== Data under study ==
◇ ◇ ◇ ◇ ◇ ◇ ◇
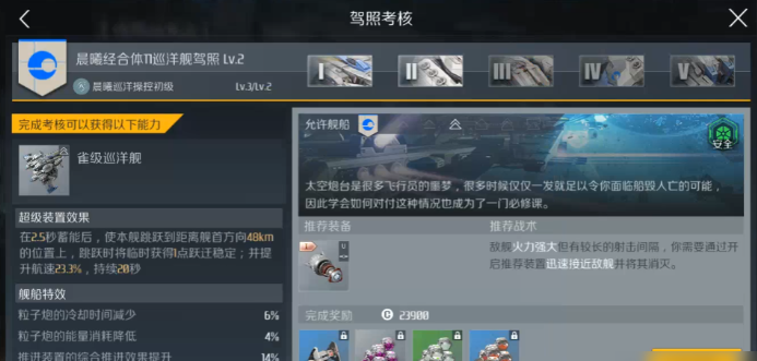 巡洋舰驾照的考核是游戏进程中的关键环节,解锁巡洋舰驾驶资格意味着玩家可以驾驭舰队中承上启下的中坚力量,其考核难度相比护卫舰和驱逐舰有显著提升,需要玩家在舰船理解与实战操作上做好充分准备。驾照考核遵循从T1到T3的进阶路线,每一级驾照都会解锁更多的舰船加成、装置和组件槽位,为后续参与更复杂的战斗任务奠定基础。
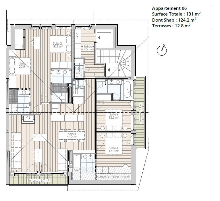 Within an existing residence, on the very top floor to be built, this new apartment of approximately 130 sqm offers all the advantages of a small chalet. It will benefit from access by private elevator which will directly serve its spacious entrance hall with plenty of storage space. 4 bedrooms with bathrooms will welcome your guests in the greatest comfort and for moments of conviviality a spacious living room with fireplace and generous ceiling heights will allows you to enjoy a view from above of the village of Val d'Isère. An enchanting place, bathed in light, to personalize according to your desires! Delivery: Fall 2026 Condominiums of 64 units (No proceedings in progress).
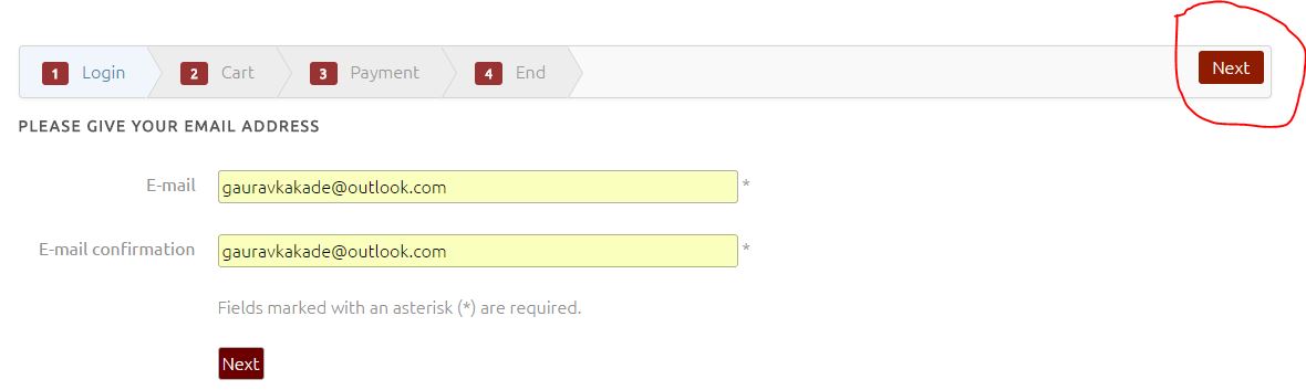 I am sorry but this is guiding me to nowhere. I have enabled the guest checkout and I want to keep it as it is. I also have done nothing special to add that 'Next' button in the navigation bar (or whatever you call it).
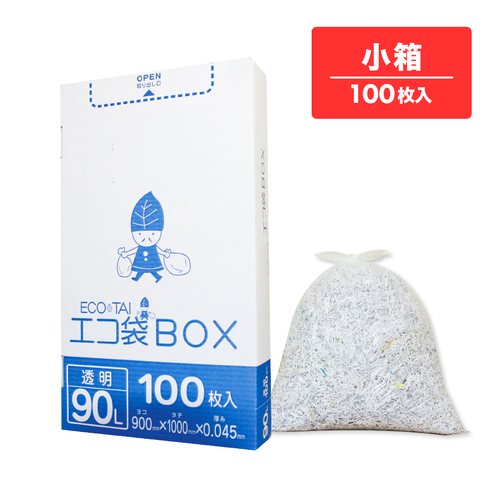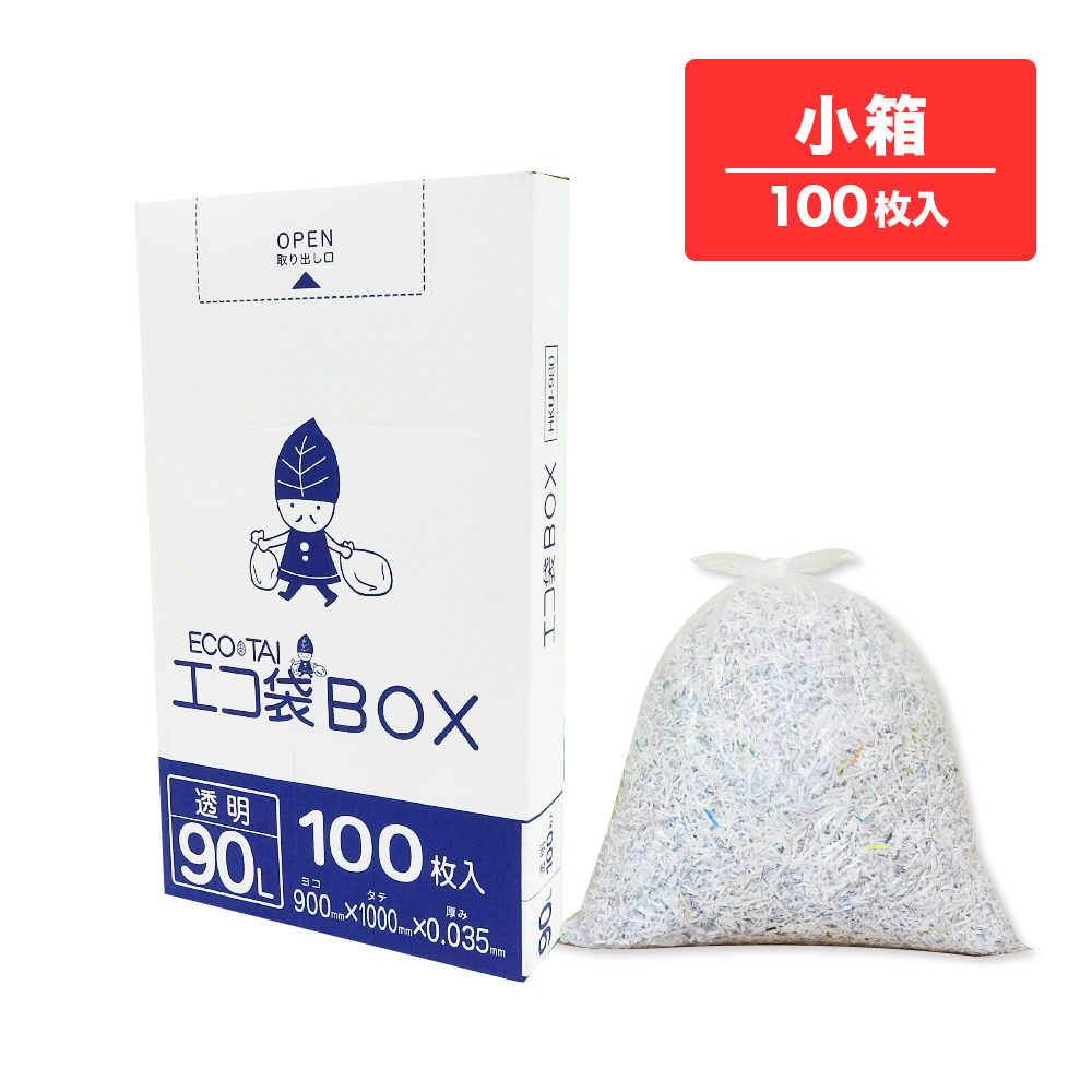 ごみ袋 箱タイプ 90リットル 薄手 透明 90x100cm 0.035mm厚 100枚 HKU-980kobako ポリ袋 ゴミ袋 平袋 BOX 90l クリア 業務用
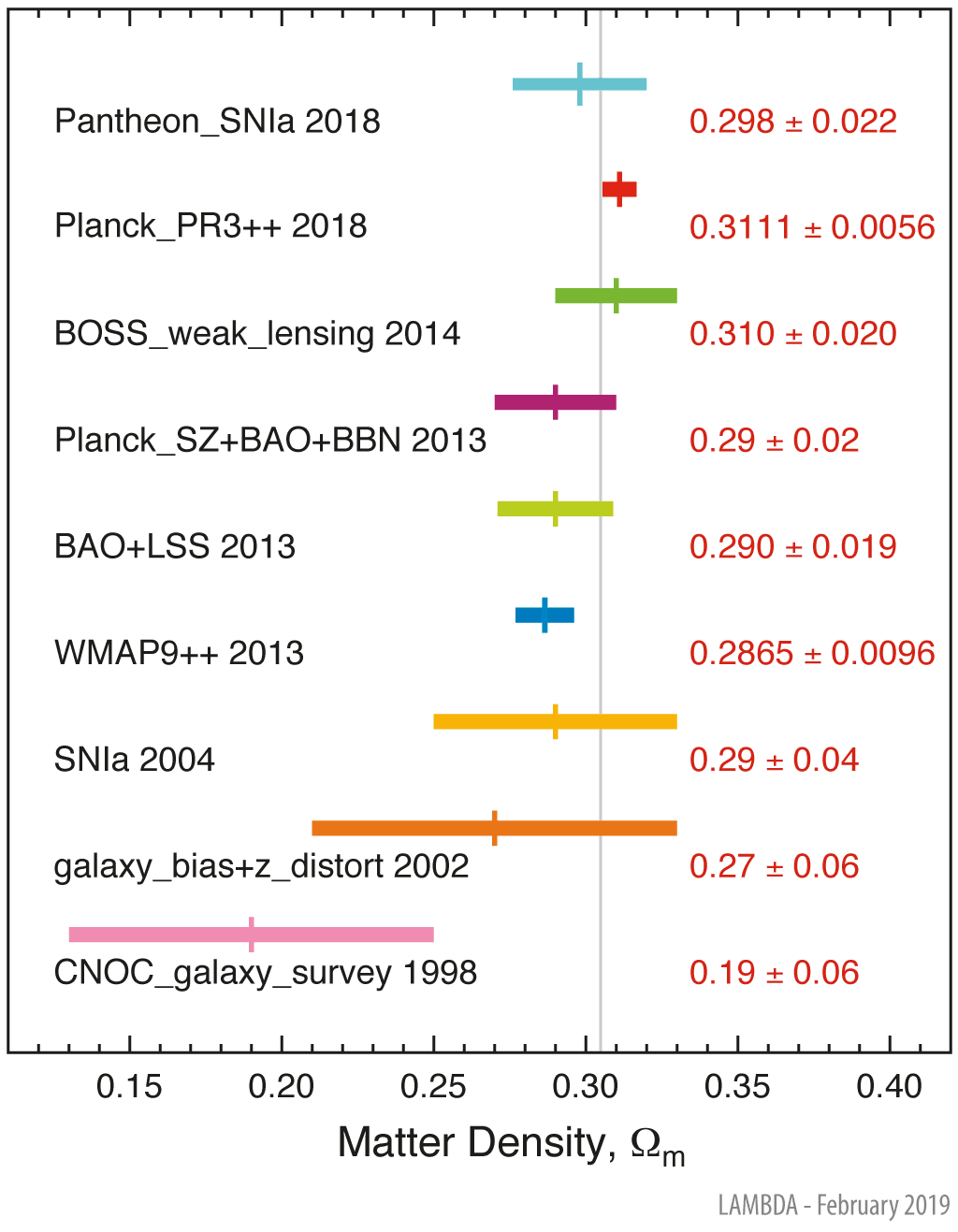 Matter DensityThe Ωm parameter specifies the mean present day fractional energy density of all forms of matter, including baryonic and dark matter. As can be seen in the figure below, a wide variety of techniques have been employed to determine Ωm. The diversity of techniques have not yet converged upon a tightly constrained concordance value, but recent estimates indicate only ∼30% of the total energy density in the universe is contributed by matter (see the gray vertical line in the figure). Galaxy surveys have been used to determine matter density in a variety of ways; we cite several examples. Many early visible light determinations depended on a mass-to-light ratio computed on large scales combined with an estimated luminosity density for the universe (Bahcall et al. 1995). Representative of this method is the CNOC sample, which used X-ray selected clusters of galaxies. Galaxy cluster abundances may be used for a determination of Ωm. However, these are sensitive to a combination of Ωm and σ8, thus requiring some method of breaking the degeneracy. Included in this category is the Planck 2013 analysis of their tSZ-selected sample of clusters, which employed external datasets to break the degeneracy imposed by the cluster constraints alone. This method is also discussed in the σ8 section. Weak lensing may alternatively be used to estimate the dark matter halo masses associated with visible galaxies, but this also carries similar parameter degeneracy difficulties. More et al. (2015) combined BOSS galaxy clustering data with the galaxy-galaxy lensing signal obtained from a spatially overlapping region in the CFHTLLenS catalog, in order to fit dark matter halo occupation model parameters and cosmological parameters. Although Ωm and σ8 are free parameters, priors were placed on other cosmological parameters using WMAP nine-year results. Estimates of the growth rate of structure ƒ from deep large-scale galaxy surveys may also be used to derive Ωm. As described in e.g. Nesseris & Perivolaropoulos (2008), ƒ = β b ≈ Ωm0.6, where b is the bias factor relating the distribution of mass in galaxies to the total matter distribution, and β is the redshift space distortion parameter derived from peculiar velocities. Verde et al. (2002) computed the bispectrum of 2dFGRS galaxies and used it to measure the bias parameter of the galaxies, then combined it with the 2dFGRS measurement of the redshift distortion parameter to yield Ωm at the effective redshift of the survey (z=0.17). A similar concept was used by da-Ângela et al.( 2008) on a QSO sample; their value of Ωm = 0.25 ± 0.08 is consistent with the Verde et al. (2002) result. The baryon acoustic oscillation feature seen in the correlation function of galaxies and Lyα absorbers may be modeled assuming a given cosmology and used to provide some parameter estimates which are independent of CMB determinations. Addison, Hinshaw & Halpern (2013) used combined BAO determinations in the range 0.1 < z < 2.4, coupled with large-scale structure clustering constaints (e.g. Alcock-Paczinski test) to determine values for Ωm and σ8. This analysis deliberately avoids the use of strong CMB priors in order to provide a more independent check on CMB-based results. Galaxy clustering methods may be avoided altogether through SNIa studies. Luminosity distances derived for a sample of SNIa may be used to directly constrain Ωm. under the assumption of ΛCDM cosmology (see e.g. Riess et al. 2004). We display the result of Riess et al. (2004), who used a combined sample of HST and ground-based SNIa observations to obtain Ωm = 0.29+0.05-0.03. Earlier values are in agreement, but with larger uncertainties, such as that from Steigman et al. (2000), (Ωm = 0.28 ± 0.08) utilizing data from SCP (Perlmutter et al. 1999) and HZT (Schmidt et al. 1998). Control of luminosity distance systematics is a recognized issue. Betoule et al. (2014) describe a joint recalibration of SNLS and SDSS SNIa samples with improvements in systematic uncertainties, leading to a derived value Ωm = 0.295 ± 0.034. The current most extensive SNIa compilation is the Pantheon sample (Scolnic et al. 2018), which includes Pan-STARRS1, SNLS, SDSS and HST observations which have been cross-calibrated to Pan-STARRS1. Including systematic uncertainties, Scolnic et al. find Ωm = 0.298 ± 0.022 for standard ΛCDM cosmology, providing the tightest uncertainty obtained from this method in the plot. Abbott et al. (2018) determine a value of 0.331 ± 0.038 from a smaller SNIa sample that includes independent Dark Energy Survey (DES) observations. ![]() Image Credit: NASA / LAMBDA Archive Team Aside from CMB-related determinations, methods to determine total matter density include cosmological interpretation of galaxy cluster abundances, redshift-space distortion measurements, BAO and SNIa luminosity distances. A number of difficulties arise from parameter degeneracies involved in the galaxy clustering techniques. These may be avoided with SNIa analyses, but in this case control of luminosity distance determination systematics is a key factor and affects the quoted uncertainties. Ωm is one of the less well-determined parameters presented here: mild tension exists between the two CMB results quoting the smallest uncertainties (WMAP 2013 and Planck 2018), and constraints from non-CMB determinations are not yet sufficiently tight to highlight any coflicts with CMB results. The gray vertical line, representing the weighted average of WMAP and Planck data points, is positioned at Ωm = 0.3049.
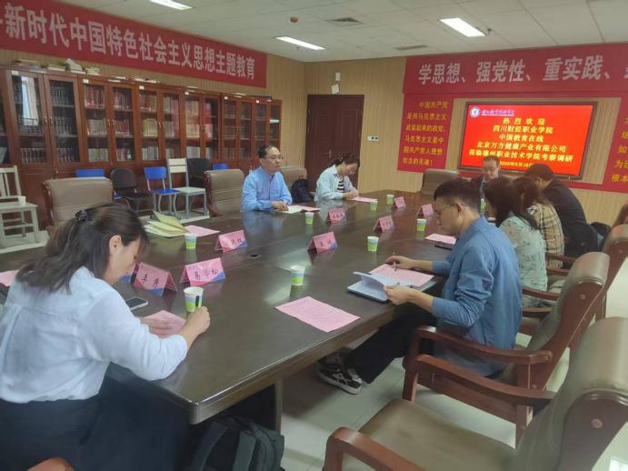 9月18日,四川财经职业学院、中国教育在线、北京万方健康产业有限公司一行9人来诸侯快讯ok1122进行考察交流。诸侯快讯ok1122院长王英博热情接待。
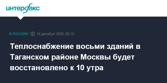 Теплоснабжение восьми зданий в Таганском районе Москвы будет восстановлено к 10 утра
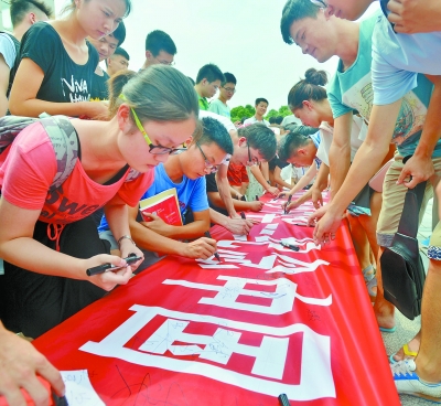 6月30日,伟德betvlctor1946源于英国,300余名师生在“勿忘国耻、圆梦中华”横幅上签名。当天,该校启动纪念中国人民抗日战争暨世界反法西斯战争胜利70周年教育活动。 李健 陈催英 摄影报道
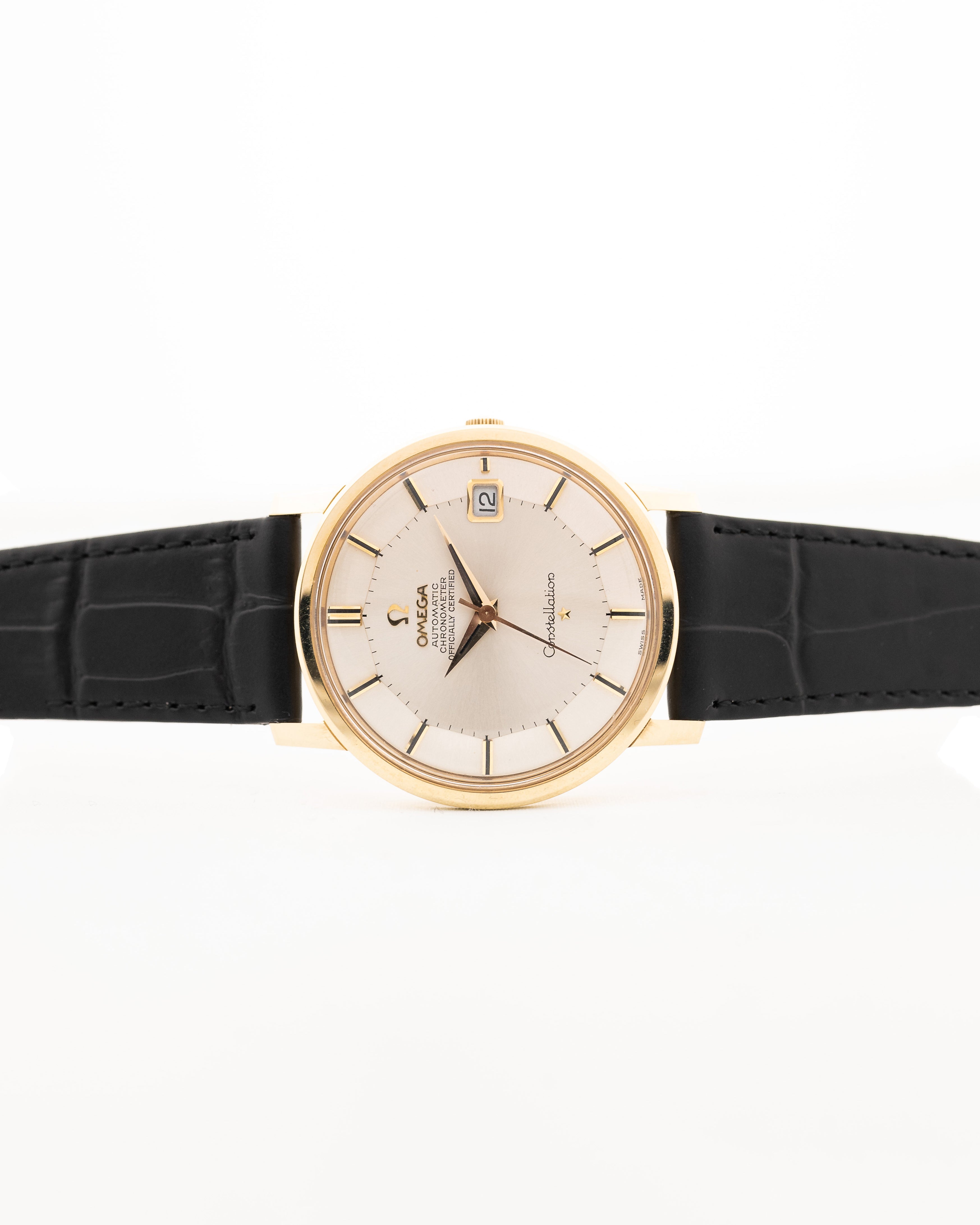 Bien proporcionado, sencillo y clásico, este Constellation cuenta con un fondo de caja atornillado, cronómetro automático Omega Calibre 562 y unas magníficas asas giradas ligeramente hacia abajo.
◇ ◇ ◇ ◇ ◇ ◇ ◇
== Task description ==
Everything in the records above must be restated verbatim, save for the pictures.

== Written reply ==
 巡洋舰驾照的考核是游戏进程中的关键环节,解锁巡洋舰驾驶资格意味着玩家可以驾驭舰队中承上启下的中坚力量,其考核难度相比护卫舰和驱逐舰有显著提升,需要玩家在舰船理解与实战操作上做好充分准备。驾照考核遵循从T1到T3的进阶路线,每一级驾照都会解锁更多的舰船加成、装置和组件槽位,为后续参与更复杂的战斗任务奠定基础。
 Within an existing residence, on the very top floor to be built, this new apartment of approximately 130 sqm offers all the advantages of a small chalet. It will benefit from access by private elevator which will directly serve its spacious entrance hall with plenty of storage space. 4 bedrooms with bathrooms will welcome your guests in the greatest comfort and for moments of conviviality a spacious living room with fireplace and generous ceiling heights will allows you to enjoy a view from above of the village of Val d'Isère. An enchanting place, bathed in light, to personalize according to your desires! Delivery: Fall 2026 Condominiums of 64 units (No proceedings in progress).
 I am sorry but this is guiding me to nowhere. I have enabled the guest checkout and I want to keep it as it is. I also have done nothing special to add that 'Next' button in the navigation bar (or whatever you call it).
 ごみ袋 箱タイプ 90リットル 薄手 透明 90x100cm 0.035mm厚 100枚 HKU-980kobako ポリ袋 ゴミ袋 平袋 BOX 90l クリア 業務用
 Matter DensityThe Ωm parameter specifies the mean present day fractional energy density of all forms of matter, including baryonic and dark matter. As can be seen in the figure below, a wide variety of techniques have been employed to determine Ωm. The diversity of techniques have not yet converged upon a tightly constrained concordance value, but recent estimates indicate only ∼30% of the total energy density in the universe is contributed by matter (see the gray vertical line in the figure). Galaxy surveys have been used to determine matter density in a variety of ways; we cite several examples. Many early visible light determinations depended on a mass-to-light ratio computed on large scales combined with an estimated luminosity density for the universe (Bahcall et al. 1995). Representative of this method is the CNOC sample, which used X-ray selected clusters of galaxies. Galaxy cluster abundances may be used for a determination of Ωm. However, these are sensitive to a combination of Ωm and σ8, thus requiring some method of breaking the degeneracy. Included in this category is the Planck 2013 analysis of their tSZ-selected sample of clusters, which employed external datasets to break the degeneracy imposed by the cluster constraints alone. This method is also discussed in the σ8 section. Weak lensing may alternatively be used to estimate the dark matter halo masses associated with visible galaxies, but this also carries similar parameter degeneracy difficulties. More et al. (2015) combined BOSS galaxy clustering data with the galaxy-galaxy lensing signal obtained from a spatially overlapping region in the CFHTLLenS catalog, in order to fit dark matter halo occupation model parameters and cosmological parameters. Although Ωm and σ8 are free parameters, priors were placed on other cosmological parameters using WMAP nine-year results. Estimates of the growth rate of structure ƒ from deep large-scale galaxy surveys may also be used to derive Ωm. As described in e.g. Nesseris & Perivolaropoulos (2008), ƒ = β b ≈ Ωm0.6, where b is the bias factor relating the distribution of mass in galaxies to the total matter distribution, and β is the redshift space distortion parameter derived from peculiar velocities. Verde et al. (2002) computed the bispectrum of 2dFGRS galaxies and used it to measure the bias parameter of the galaxies, then combined it with the 2dFGRS measurement of the redshift distortion parameter to yield Ωm at the effective redshift of the survey (z=0.17). A similar concept was used by da-Ângela et al.( 2008) on a QSO sample; their value of Ωm = 0.25 ± 0.08 is consistent with the Verde et al. (2002) result. The baryon acoustic oscillation feature seen in the correlation function of galaxies and Lyα absorbers may be modeled assuming a given cosmology and used to provide some parameter estimates which are independent of CMB determinations. Addison, Hinshaw & Halpern (2013) used combined BAO determinations in the range 0.1 < z < 2.4, coupled with large-scale structure clustering constaints (e.g. Alcock-Paczinski test) to determine values for Ωm and σ8. This analysis deliberately avoids the use of strong CMB priors in order to provide a more independent check on CMB-based results. Galaxy clustering methods may be avoided altogether through SNIa studies. Luminosity distances derived for a sample of SNIa may be used to directly constrain Ωm. under the assumption of ΛCDM cosmology (see e.g. Riess et al. 2004). We display the result of Riess et al. (2004), who used a combined sample of HST and ground-based SNIa observations to obtain Ωm = 0.29+0.05-0.03. Earlier values are in agreement, but with larger uncertainties, such as that from Steigman et al. (2000), (Ωm = 0.28 ± 0.08) utilizing data from SCP (Perlmutter et al. 1999) and HZT (Schmidt et al. 1998). Control of luminosity distance systematics is a recognized issue. Betoule et al. (2014) describe a joint recalibration of SNLS and SDSS SNIa samples with improvements in systematic uncertainties, leading to a derived value Ωm = 0.295 ± 0.034. The current most extensive SNIa compilation is the Pantheon sample (Scolnic et al. 2018), which includes Pan-STARRS1, SNLS, SDSS and HST observations which have been cross-calibrated to Pan-STARRS1. Including systematic uncertainties, Scolnic et al. find Ωm = 0.298 ± 0.022 for standard ΛCDM cosmology, providing the tightest uncertainty obtained from this method in the plot. Abbott et al. (2018) determine a value of 0.331 ± 0.038 from a smaller SNIa sample that includes independent Dark Energy Survey (DES) observations. ![]() Image Credit: NASA / LAMBDA Archive Team Aside from CMB-related determinations, methods to determine total matter density include cosmological interpretation of galaxy cluster abundances, redshift-space distortion measurements, BAO and SNIa luminosity distances. A number of difficulties arise from parameter degeneracies involved in the galaxy clustering techniques. These may be avoided with SNIa analyses, but in this case control of luminosity distance determination systematics is a key factor and affects the quoted uncertainties. Ωm is one of the less well-determined parameters presented here: mild tension exists between the two CMB results quoting the smallest uncertainties (WMAP 2013 and Planck 2018), and constraints from non-CMB determinations are not yet sufficiently tight to highlight any coflicts with CMB results. The gray vertical line, representing the weighted average of WMAP and Planck data points, is positioned at Ωm = 0.3049.
 9月18日,四川财经职业学院、中国教育在线、北京万方健康产业有限公司一行9人来诸侯快讯ok1122进行考察交流。诸侯快讯ok1122院长王英博热情接待。
 Теплоснабжение восьми зданий в Таганском районе Москвы будет восстановлено к 10 утра
 6月30日,伟德betvlctor1946源于英国,300余名师生在“勿忘国耻、圆梦中华”横幅上签名。当天,该校启动纪念中国人民抗日战争暨世界反法西斯战争胜利70周年教育活动。 李健 陈催英 摄影报道
 Bien proporcionado, sencillo y clásico, este Constellation cuenta con un fondo de caja atornillado, cronómetro automático Omega Calibre 562 y unas magníficas asas giradas ligeramente hacia abajo.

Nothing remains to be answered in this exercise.